-- About this exercise --
Word for word, reproduce the records, keeping none of the pictures.

-- Records supplied --
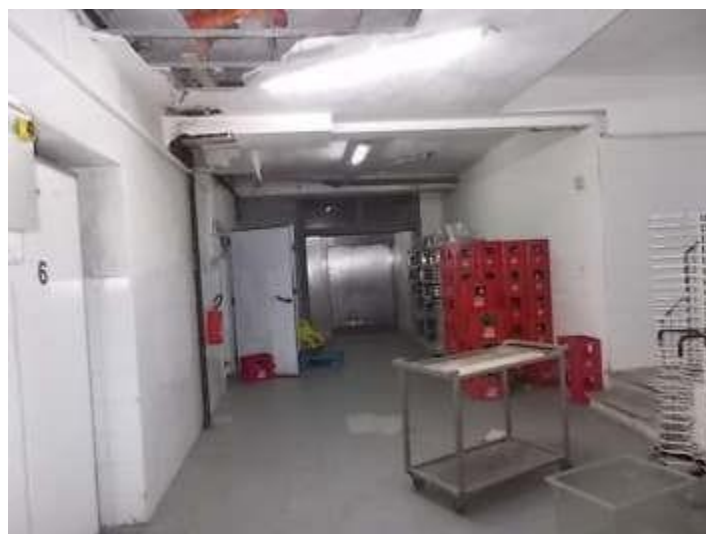
scala di servizio e montacarichi di collegamento tra i piani
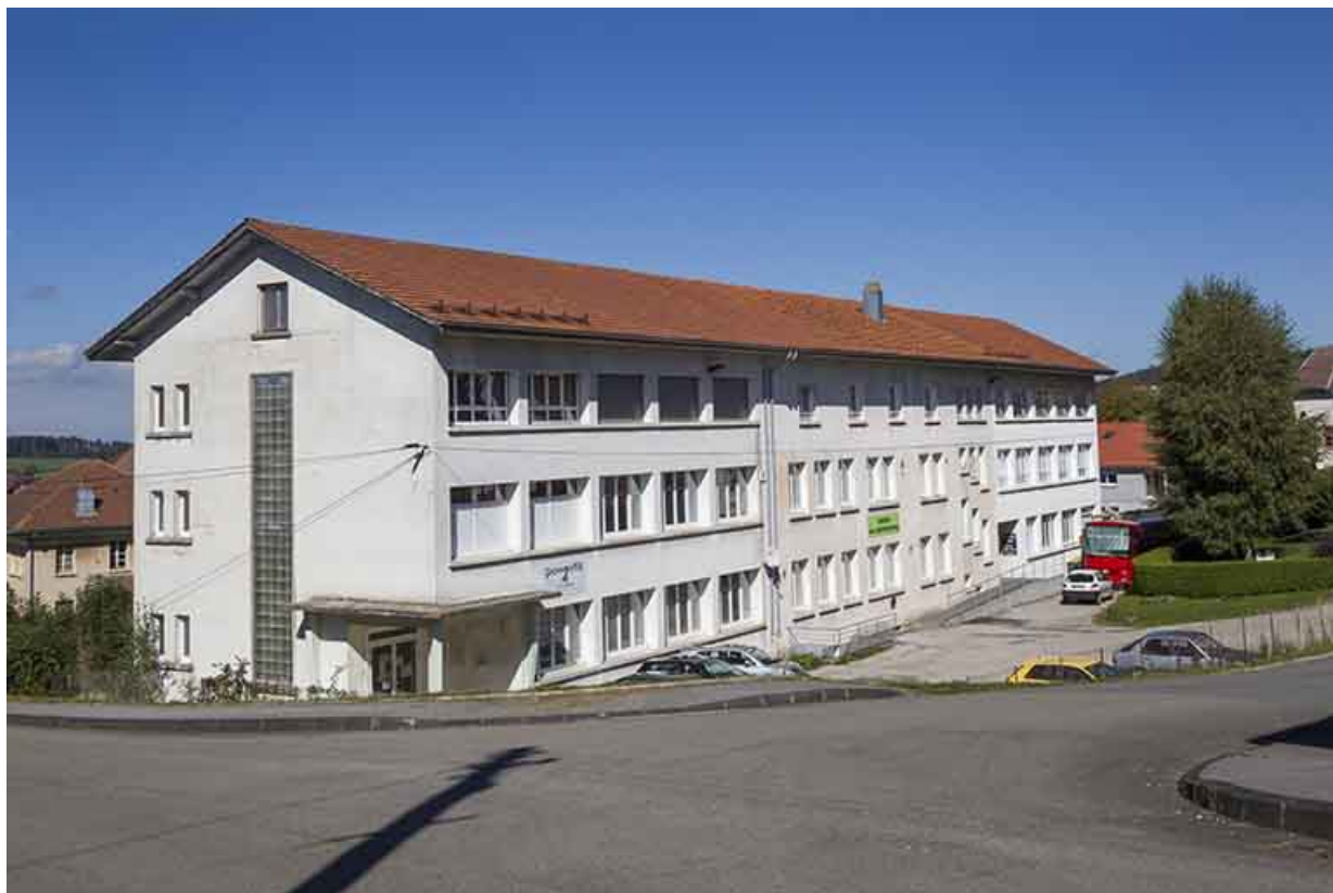
Façade antérieure, de trois quarts gauche.
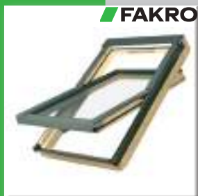
вікно FAKRO FTZ-U2 06
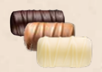
BÛCHE PRALINÉ Praliné tendre
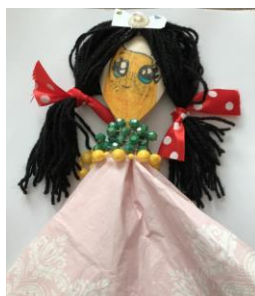
lalka z drewnianej łyżki
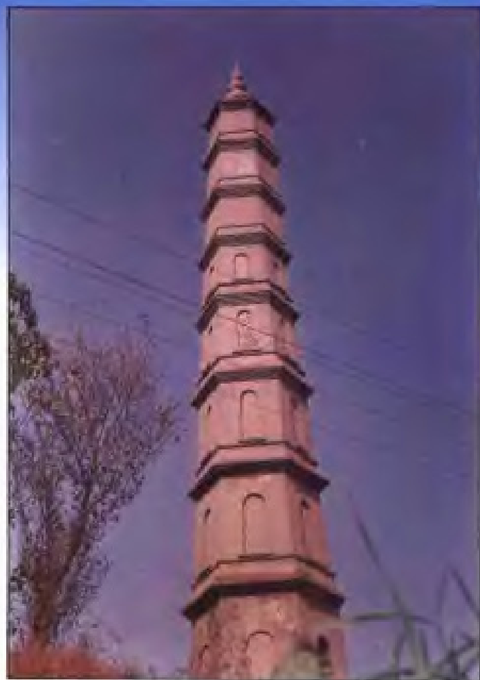
始建于三国吴赤乌二年(239),建国后进行了全面修整的吉安市古南塔。
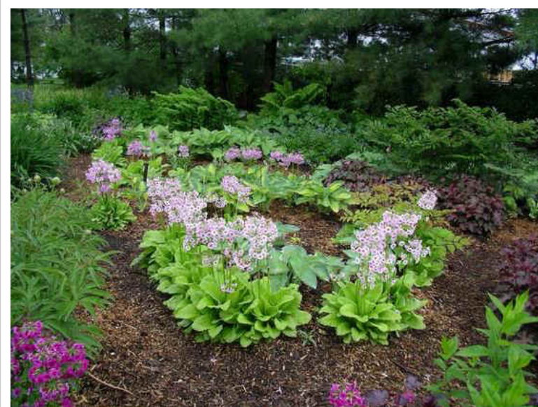
Vue du Jardin Vivaces. Tout le sol est recouvert de BRF.

Plus le diamètre de la branche est petit, meilleur sera l'effet sur le sol (tout diamètre supérieur à 7 cm est à proscrire). L'idéal est que ces rameaux ou branchages soient broyés pendant la période dormante, peu avant la poussée de sève (février/début mars). Ceci parce qu'elles contiennent de la lignine en formation, plus attaquable par les champignons et les bactéries que la lignine adulte ou mûre, telle que présente dans le tronc des arbres. Ces branches contiennent une matière azotée indispensable au développement de ces bactéries et champignons. Ces branchages, chez vous, peuvent

-- Task answer --
scala di servizio e montacarichi di collegamento tra i piani
Façade antérieure, de trois quarts gauche.
вікно FAKRO FTZ-U2 06
BÛCHE PRALINÉ Praliné tendre
lalka z drewnianej łyżki
始建于三国吴赤乌二年(239),建国后进行了全面修整的吉安市古南塔。
Vue du Jardin Vivaces. Tout le sol est recouvert de BRF.

Plus le diamètre de la branche est petit, meilleur sera l'effet sur le sol (tout diamètre supérieur à 7 cm est à proscrire). L'idéal est que ces rameaux ou branchages soient broyés pendant la période dormante, peu avant la poussée de sève (février/début mars). Ceci parce qu'elles contiennent de la lignine en formation, plus attaquable par les champignons et les bactéries que la lignine adulte ou mûre, telle que présente dans le tronc des arbres. Ces branches contiennent une matière azotée indispensable au développement de ces bactéries et champignons. Ces branchages, chez vous, peuvent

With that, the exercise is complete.